There’s little you could do to spoil the film “Time Passages.”
That’s because descriptions and comparisons, even trying to put it broadly in the genre of a documentary, doesn’t seem quite right.
A reviewer for RogerEbert.com, who gave it three and a half stars out of four, says of its strategy that at times it “substitutes a movie you’ve likely seen before for one you likely haven’t, but the movie you haven’t seen is amazing.”
Kyle Henry is the film’s director. He grew up partly in Houston and went to Rice University and the University of Texas. He’s now a professor at Northwestern.
He joined the Standard to talk about the film. Listen to the interview above or read the transcript below.
This transcript has been edited lightly for clarity:

Filmmaker Kyle Henry
Texas Standard: This story is about your mother, your relationship, about aging, about death. How would you describe it?
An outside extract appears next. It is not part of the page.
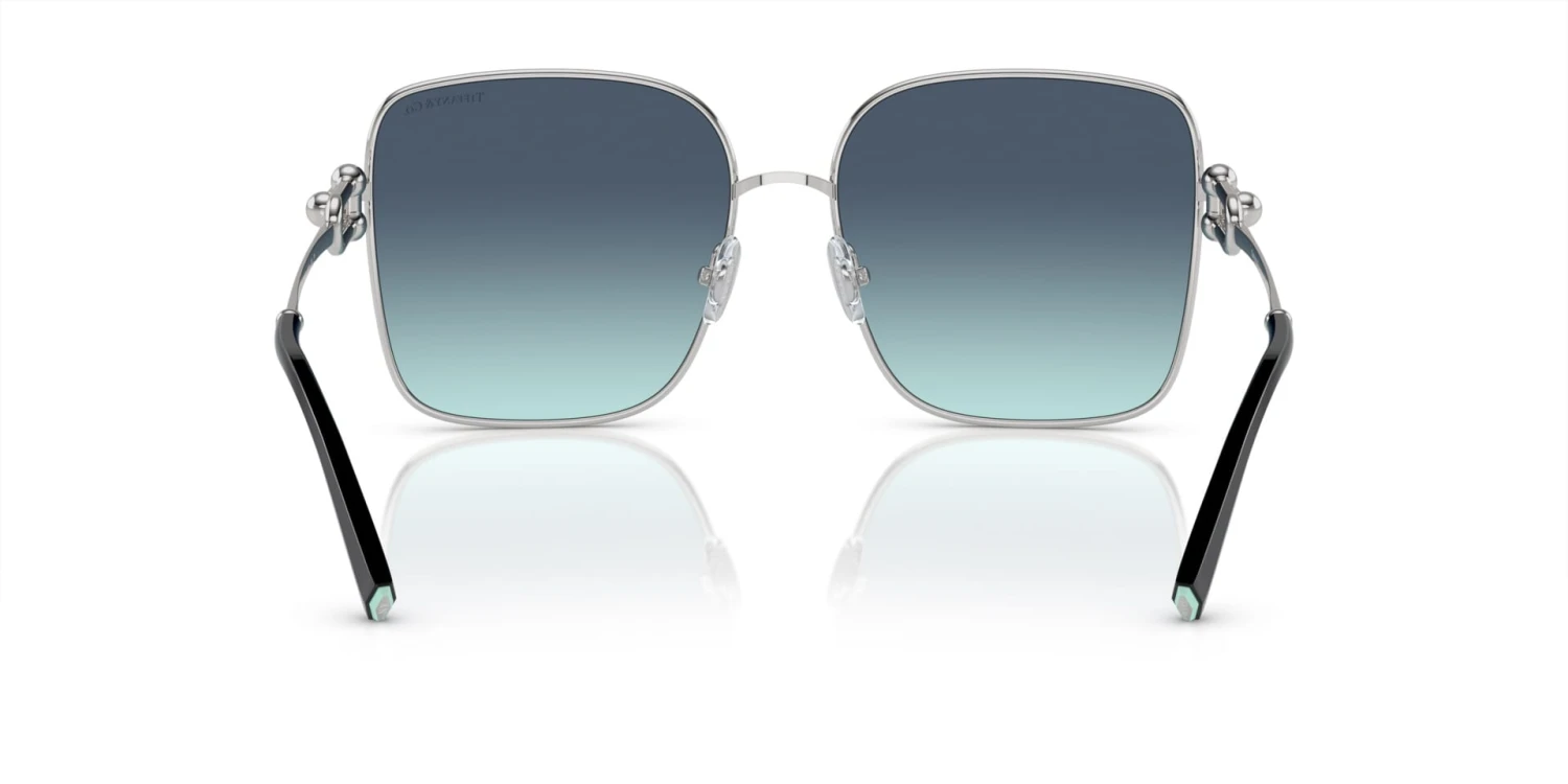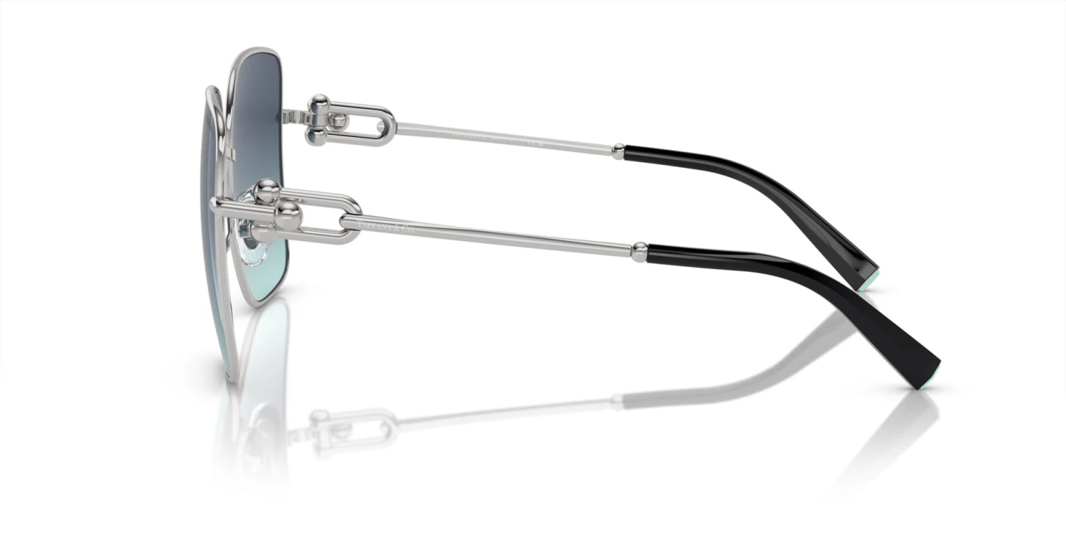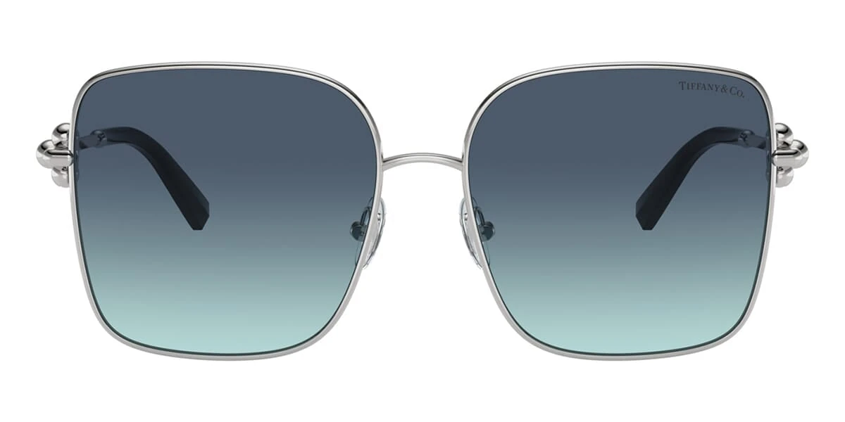 This square Tiffany sunglass comes in a silver frame with azure blue gradient lenses.

Kyle Henry: I think it’s a coming of age for the third act of life.
What I faced, what so many people faced during the pandemic but also during — I don’t like using the word, but I’ll say it — the “silver tsunami” that’s coming up of caring for aging adults with dementia and Alzheimer’s, you become the parent. You are in a new world and a new relationship, so it’s also coming to terms with the story of your relationship with your parent.
You mentioned already the pandemic is part of the setting of your film. How much did that influence its making?
I wanted to do a short film about memory and time and dementia because my mother already was in the later stages of dementia in 2019. [Before] the pandemic hit, a producer I knew from PBS contacted me and said, “We’re doing a series about the run up to the 2020 election. Do you want to be one of the people doing video diaries and their thoughts about the election?” I said “sure.” And then the pandemic hit.
I, like millions of other people, had a mother trapped in an elder care facility. PBS, in its wisdom, thought maybe this isn’t the best time to do this documentary in a contentious year on the election, so they canceled that show.
I was in so deep therapeutically – being able to record these calls with my mother and use my cell phone to record my diary entries of what we were all going through – that I knew, someday, it could reflect the experiences of millions of other people.
I usually save my questions about audience for the end, but I feel compelled to ask up top, who did you make this film for?
First and foremost, I’m an artist and I make the film for myself — to transform myself, to learn something about the world and become a better person.
I really have faith at this point, at 54 years old, that none of us are unique. When we tell our stories with authenticity, specificity and drama, other people will be interested because we’re really not that different from each other. We all have this life cycle on this cosmic dimension plane of time and we’re interested in that, and each other, of how to navigate that with some grace.
In some ways, the hope is to have an impact that people will understand what’s coming up for them, for their families, and to make sure they advocate for the kind of resources that we’re all going to need.